Even though Stream API is widely used, I still see a lot of gaps in deep knowledge of this technology. In this article, I will explore three aspects of the Stream API that I find essential to understand:
- Lazy evaluation. This helps us optimize the execution of operation chains.
- Parallel streams. We will take a deep look at adding parallelism in data processing by leveraging multi-core processors.
- Lambda variable scope. We will find out how to correctly pass variables into Lambdas when using Streams.
I hope, by the end of this article, you will be able to understand these concepts a little better,
1. Lazy Evaluation in Java Stream API
Lazy evaluation is the core concept to understand if you want to effectively work with the streams. But before we go deeper into lazy evaluation, let’s explore the two main types of operations in a stream pipeline: intermediate and terminal operations.
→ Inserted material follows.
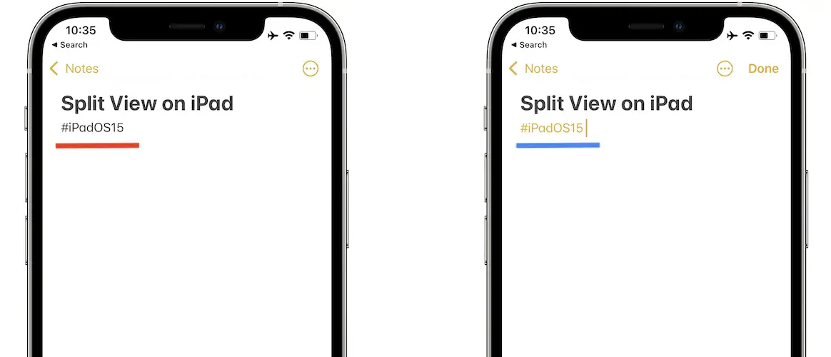 Tip: Tap space to confirm the tag. A tag that is recognized by the Notes app is displayed with a yellow font. If its greyed out it means that it hasn’t been taken in account yet.

- Intermediate Operations. Intermediate operations are those operations that transform the input stream into another stream without producing an immutable result. For example,
filter()
,map()
, andflatMap()
are all intermediate operations because they take an input stream and return another stream as a result. These operations do not consume all the elements from the input stream but instead create a new stream with the desired elements. - Terminal Operations. Terminal operations are those operations that consume the elements from the stream and either return a result or side-effectingly modify some state. For instance,
forEach()
,findFirst()
, andcollect()
are all terminal operations because they ultimately consume all the elements in the stream to produce a result.
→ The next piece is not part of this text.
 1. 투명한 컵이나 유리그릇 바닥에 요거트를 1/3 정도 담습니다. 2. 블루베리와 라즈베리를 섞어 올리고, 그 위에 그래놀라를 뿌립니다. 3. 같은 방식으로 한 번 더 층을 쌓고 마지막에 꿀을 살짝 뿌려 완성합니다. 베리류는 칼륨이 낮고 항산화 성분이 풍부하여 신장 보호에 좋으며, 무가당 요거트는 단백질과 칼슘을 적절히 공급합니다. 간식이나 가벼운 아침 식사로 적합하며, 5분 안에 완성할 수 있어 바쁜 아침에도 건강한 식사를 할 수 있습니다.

What Is Lazy Evaluation and How Does It Work?
In terms of Stream API Lazy evaluation means that the intermediate operations in a stream will not be executed until we call a terminal operation. It means we can define a stream and all operations in any place of code and execute it only when a terminal operation is called.
When we invoke a terminal operation, the stream starts processing the data one element at a time, applying all the intermediate operations in sequence. This approach helps us optimize performance by avoiding unnecessary computations.
Let’s look at a practical example to see how laziness impacts execution:
import java.util.stream.Stream;
public class LazyEvaluationExample {
public static void main(String[] args) {
Stream<Integer> stream = Stream.of(1, 2, 3, 4, 5)
.filter(num -> {
System.out.println("Filtering: " + num);
return num % 2 == 0;
})
.map(num -> {
System.out.println("Mapping: " + num);
return num * 2;
});
System.out.println("Stream pipeline defined, no execution yet.");
// Terminal operation triggers execution
stream.forEach(System.out::println);
}
}
Output:
Stream pipeline defined, no execution yet.
Filtering: 1
Filtering: 2
Mapping: 2
4
Filtering: 3
Filtering: 4
Mapping: 4
8
Filtering: 5
Let’s try to understand why we have the following output. We may see that filter()
and map()
operations are lazy. It means even though we wrote the code, it was not invoked before the terminal forEach()
was invoked. It explains why we see the output, Stream pipeline defined, no execution yet, first.
Only when the forEach()
terminal operation is called does the stream start processing elements one by one.
2. Parallel Streams
One of the most useful and powerful features of Java Stream API is the support of parallel streams. Parallelism is nothing but a capability to process two or more actions concurrently by leveraging multiple CPU cores. When it applies to Stream API, it means that we are allowed to process intermediate or terminal operations for more than one element in the stream at the same time.
This functionality can significantly improve performance for computationally intensive tasks, but it is better to understand it solidly to reach the best results.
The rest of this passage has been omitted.